Since specific amounts of electricity have different effects on different sized animals, it’s important to take note of the size of voltages. If these voltages are wrong, sometimes an animal can get hurt.
To keep larger animals in or out of an enclosure, like cattle, or deer, the recommended voltage is 4,000 – 5,000 V. To keep horses or cows in a space the recommended voltage is 2,000 – 3,000 V. And for smaller animals, it’s best to keep the voltage at 1,000 – 2,000 V and the electric line closer to the ground. As with all technology, though, mistakes can happen.
If an electric fence malfunction, which can happen when they are built without a regulator, the voltage can grow bigger and kill animals, and on a few occasions, people.
How to Avoid Mistakes Setting Up your Electric Fence
To build an electric fence safely, it’s best to get all the parts needed, not leaving anything out. This includes using the following:
- Fence Energizer
- Fence Wire or Tape
- Earth Stakes
- End Strainers
- Fence Post
- Connection Bolts
- Fence Warning Signs
Be sure that there are no touching wires or unwanted grass blades making contact with the electric wire, as it could take away from the continuous charge of the entire fence.
Ground rods should also be clear of any connection with other electrical gear such as telephone wires or waterlines.
Essentially, a clear space is necessary for the creation and upkeep of a working electrical fence. This should be easy though, as most people that use them have specific areas of land for livestock or farm animals.
And remember, it should be supplied with enough power that it only supplies a startling shock. This means using the right equipment, such as:
- 10-14 gauge copper wiring
- Insulators that work best with whatever fence post your using
- Insulated handles for gate posts, for easy coming and going
- 6 ft tall ground rod made of galvanized steel or copper
For more detailed information, be sure to watch this in-depth step by step guide:
Remember; the right materials are absolutely necessary when creating a safe and useful electrical current. Any other kind of material poses a danger to not only the wildlife, and farm animals, but also YOU. Getting shocked by an electric fence is no fun when the voltage is correct and harmless.
Getting shocked by an electric fence can cause serious problems to animals and humans, such as skin burns, or even issues to your organs that could be hidden from medical professionals.
It’s also possible for electric shocks of a large magnitude to turn a body into a ragdoll, throwing them around.
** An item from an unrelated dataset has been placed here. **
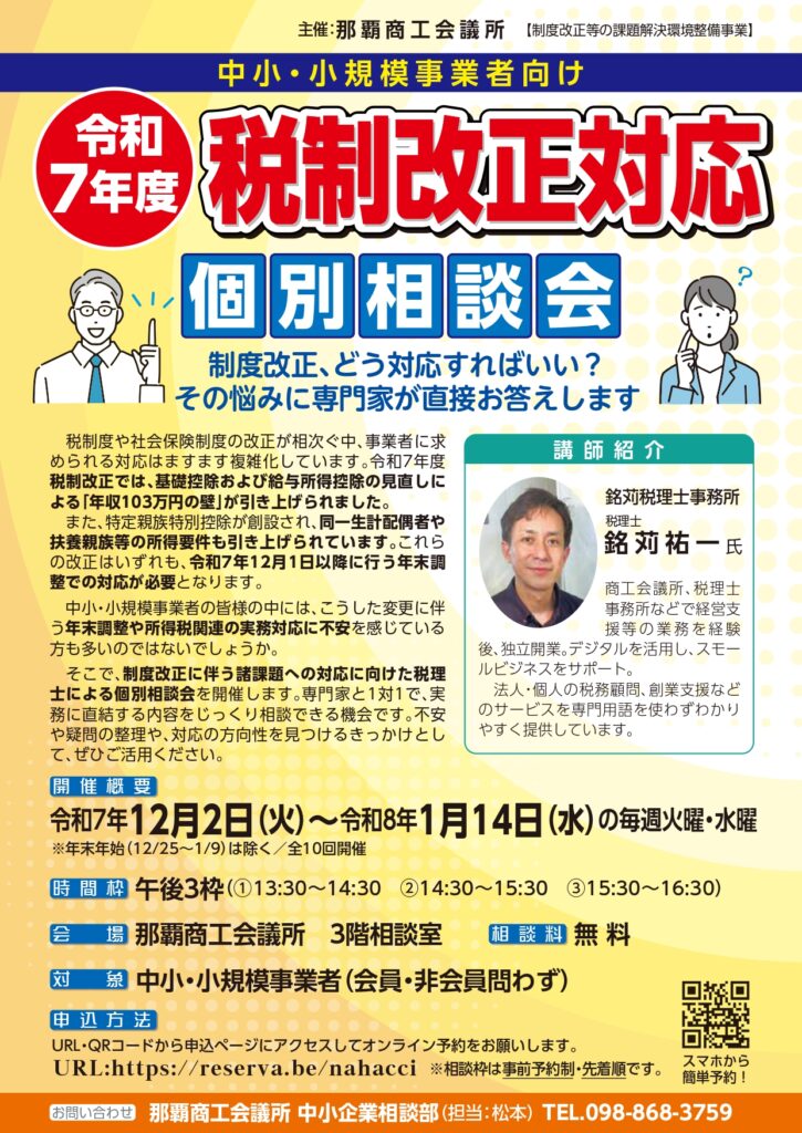 そこで、制度改正に伴う諸課題への対応に向けた税理 士による個別相談会を開催します。専門家と1対1で、実務に直結する内容をじっくり相談できる機会です。不安や疑問の整理や、対応の方向性を見つけるきっかけとして、ぜひご活用ください。

This could cause broken bones, dislocated joints, or head injuries.
Ensuring Electric Fence Safety for All
Electric fences have been used for a variety of uses for a century with pretty successful results. One of the first ones was built because a man wanted to prevent his horse from scratching itself on his car, leaving marks.
It’s pretty easy these days to make sure that an electric fence is working properly. Modern technology has equipped pet or farm owners with devices that have voltage meters or flashing lights that indicate whether the electricity is working properly.
The people who build these machines create them with security layers because they are professionals. Don’t try to save money by creating your own electric fence, as many things can go wrong.
Electric fences are relatively one of the cheapest options for long-term security anyway.
Also, don’t forget the added layer of security that warning signs offer. Although this won’t stop animals, this can help ensure that neighbors or people passing by understand what is going on around them.
All it really takes to own and successfully operate an electric fence, thereby not harming wildlife, farm animals, or pets, is the following:
- Build with the Right Materials
- Monitor Your Voltage
- Don’t Skimp on Precautions
That’s all! While electricity can be highly dangerous, all it takes a little research and taking the necessary steps in order to keep wildlife, your pets, and you, safe.